Читаем Автобиографические статьи. Дореволюционные работы полностью

Имение, куда мы поехали, принадлежало богатой помещице Назимовой. Все перед ней прислуживались. Когда она ходила к обедне, то, поцеловав руку попу, всовывала в нее 25 рублей. Поп поэтому не служил обедни, пока не придет помещица.

Экзамен происходил в школе. Ребят спрашивал местный поп и какой-то инспектор. Ребята очень испугались, особенно Илюша. Когда им стали делать диктовку, Илюша написал с испугу: «кислые счы» вместо «кислые щи». Я не вытерпела и пошла сказать ему, чтобы он поправил ошибку. «Тимофейка» сказала мне, чтобы я сидела смирно и не совалась; она сама волновалась. Все же ребята выдержали. Илюша долго не мог успокоиться, был бледен и дрожал. Нас позвали обедать к Назимовой. Что меня поразило – это куча комнатных собак: болонок, левреток, еще каких-то; они прыгали по стульям, суетились. Когда сели обедать, появились две босоногие девочки. Назимова наливала прежде суп на собачьи тарелки. Девочки разносили собакам еду. Потом наливала суп гостям. Всюду была роскошь. Особенно был наряден сад: вокруг пруда росли чудесные розы.

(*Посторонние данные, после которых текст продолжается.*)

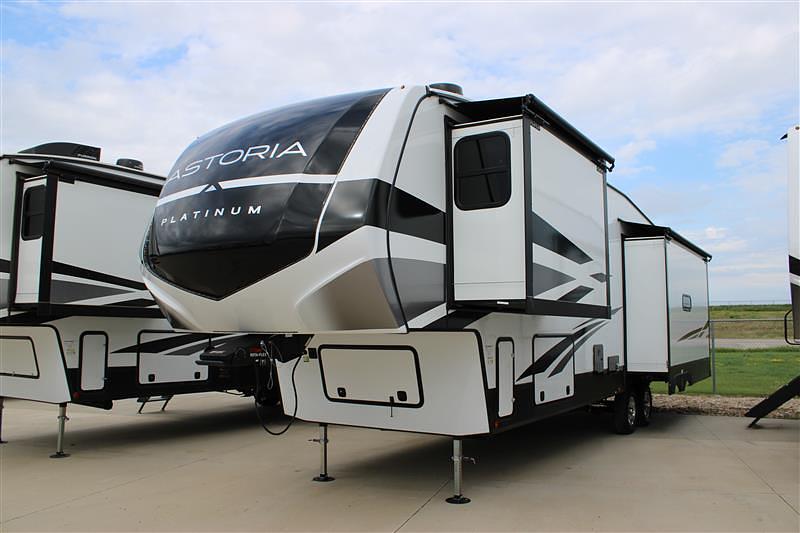 2026 Dutchmen Astoria 3173ELP with rear living! Tri fold soda, which folds out for added sleeping, in the back of the camper against a big picture window. Theater seating facing an entertainment center with fire place and TV. Mid kitchen area has an island with sink, table, chairs and a bench, 3 burner stove, oven, microwave, refrigerator, pantry and LOTS of cupboard space! Full bath with shower and double vanity. Master has a king bed in the slide, large closet, cabinet with storage space and washer/dryer hook ups, dresser and TV. Secure stance steps, electric awning, slide out topper, solar panel system, 2 ACs, and auto level system. BEAUTIFUL camper - stop by and check it out!

Но мне было скучно, и я была рада, когда стали собираться домой. «Да, конечно, – думала я, – «Тимофейка» права, когда говорит, что не надо помещиков». Я слышала то же еще раньше от отца.

«Тимофейка» брала меня с собой, когда ходила по соседним деревням. Она носила крестьянам книжки и долго толковала с ними, но я не все понимала, что она говорила.

Потом «Тимофейка» куда-то уезжала на месяц.

С ФАБРИЧНЫМ ЛЮДОМ

Тем временем приехали отец с матерью и поселились верстах в двух от имения Косяковских, около фабрики; я стала жить с ними. Подружилась с ребятами, которые работали на фабрике. Оказалось, и Илюша там работает. Я тоже стала ходить на фабрику и иногда часами сидела и складывала в дести и стопы листы оберточной бумаги. Завела также дружбу со стариком, который возил дрова на фабрику. Он давал мне становиться на телегу и стоя править; это мне очень нравилось. Мы ездили в лес, там я ему помогала накладывать на телегу дрова, потом мы шли около телеги и, подъехав к фабрике, сбрасывали дрова в кочегарку. Отец и мать посмеивались над моим усердием и над моими ободранными руками.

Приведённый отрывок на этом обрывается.